LangChain Integration
Integrate AiMo Network with LangChain for building complex AI workflows, chains, and agents using decentralized AI models.
Installation
Python
pip install langchain-openai langchain-coreBasic Setup
Python
from langchain_openai import ChatOpenAI
from langchain_core.messages import HumanMessage, SystemMessage
# Configure for AiMo Network
llm = ChatOpenAI(
api_key="aimo-sk-dev-[your-key]",
base_url="https://devnet.aimo.network/api/v1",
model="provider_pubkey:model_name"
)
# Simple chat
messages = [
SystemMessage(content="You are a helpful assistant."),
HumanMessage(content="Hello, how are you?")
]
response = llm.invoke(messages)
print(response.content)Chains and Prompts
Python
from langchain_core.prompts import PromptTemplate
from langchain.chains import LLMChain
# Create a prompt template
template = """Question: {question}
Answer: Let's think step by step."""
prompt = PromptTemplate(
template=template,
input_variables=["question"]
)
# Create chain
chain = LLMChain(prompt=prompt, llm=llm)
# Use the chain
question = "What are the benefits of decentralized AI?"

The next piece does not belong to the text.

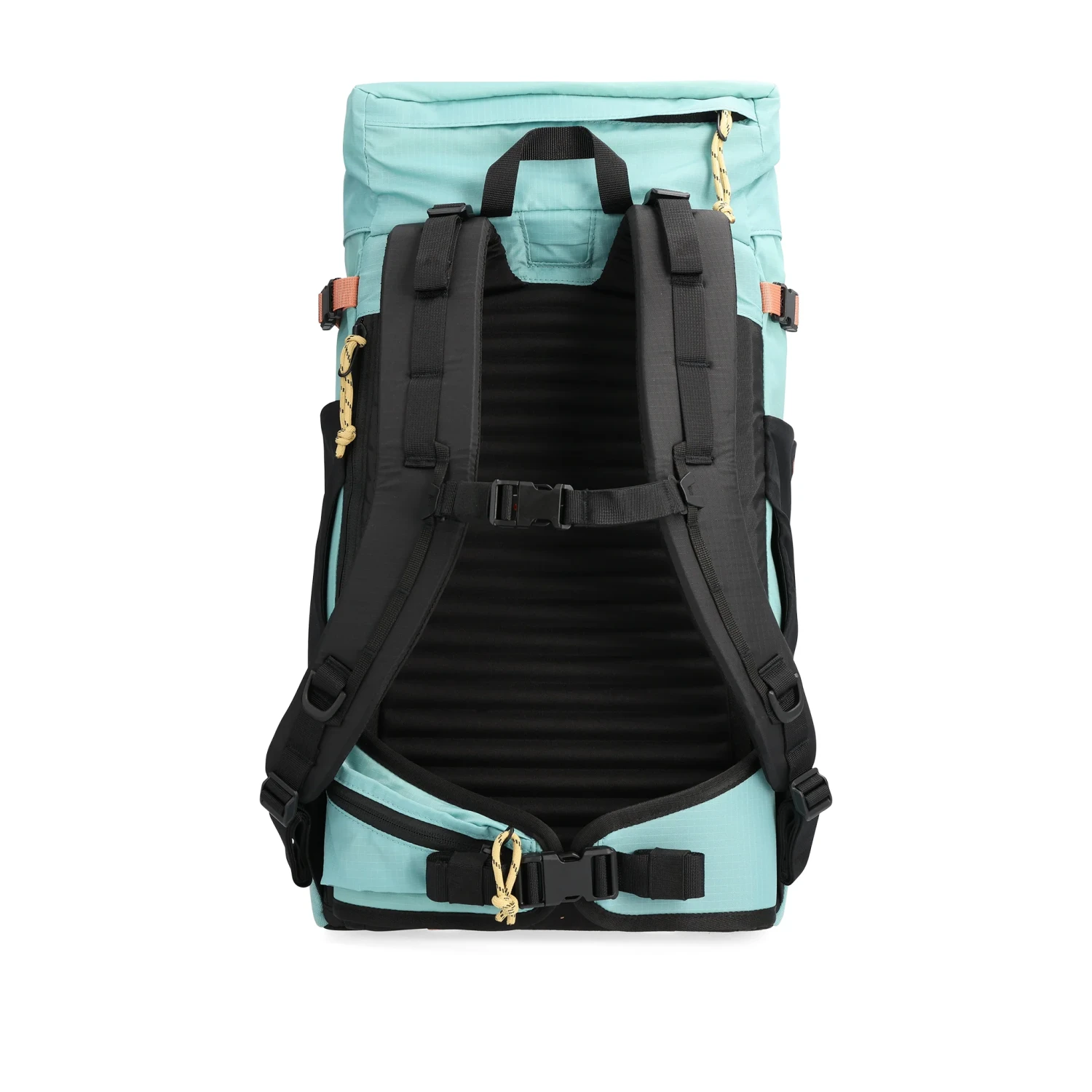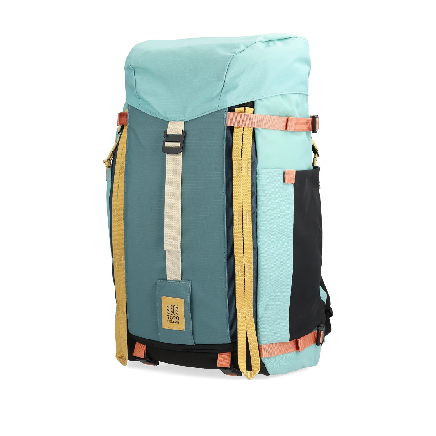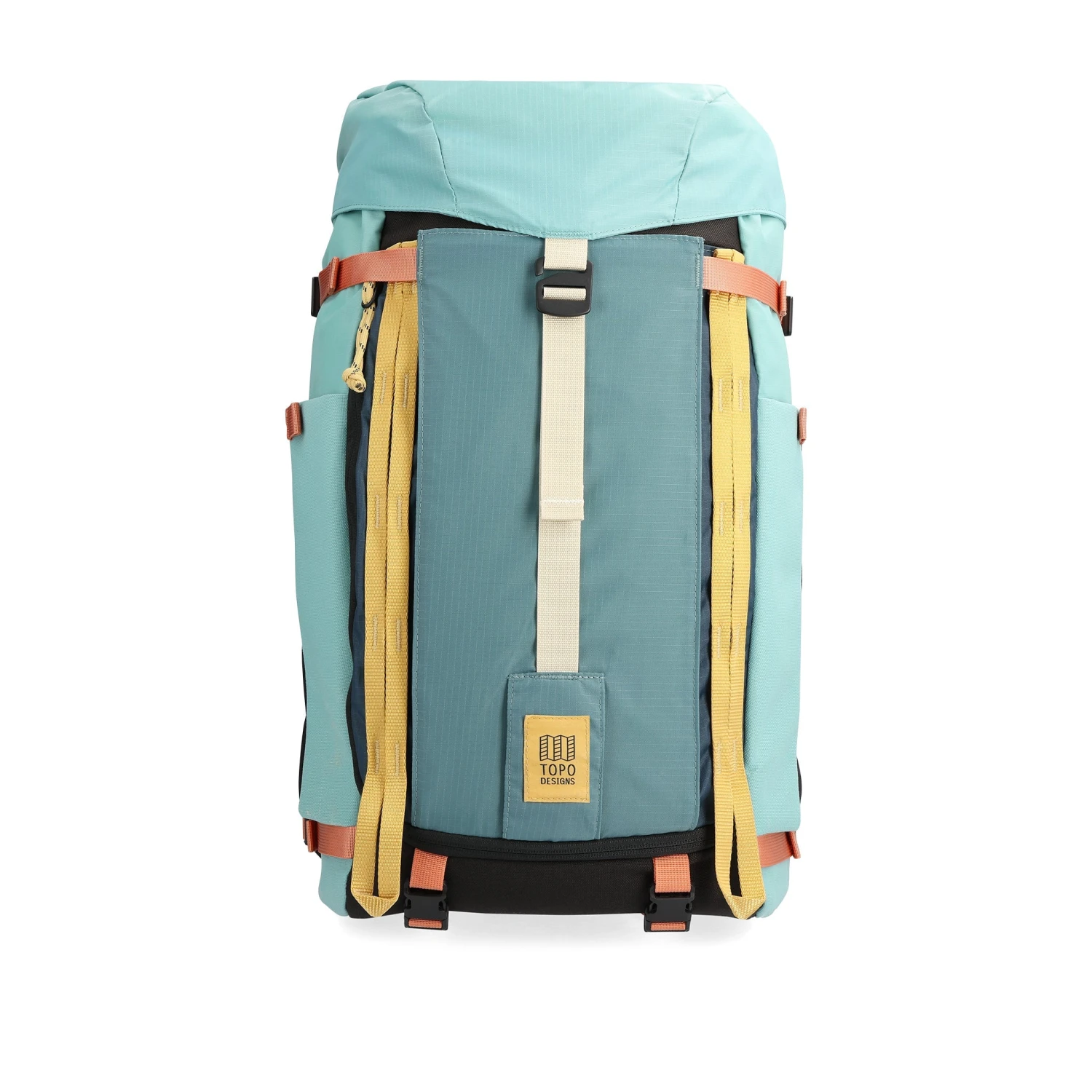 Spacer mesh back panel and shoulder straps make the Mountain Pack a more comfortable carry on the way up to climb, hauling around town or navigating the trail. Organization pockets make it easy to get through TSA, while large side pockets fit full sized water bottles. Four compression straps adjust to the load size, while durable daisy chain webbing is perfect for securing extra gear or attaching a bike light.

result = chain.run(question)
print(result)Streaming Responses
Python
# Streaming with LangChain
for chunk in llm.stream(messages):
print(chunk.content, end="", flush=True)Advanced Usage
Building Complex Chains
LangChain allows you to build sophisticated AI workflows by chaining multiple operations together. With AiMo Network, you can leverage decentralized models in these chains.
Agent Integration
LangChain agents can use AiMo Network models as their reasoning engine, enabling decentralized AI-powered decision making.
Memory and Context
LangChain's memory capabilities work seamlessly with AiMo Network models, allowing you to maintain conversation context across multiple interactions.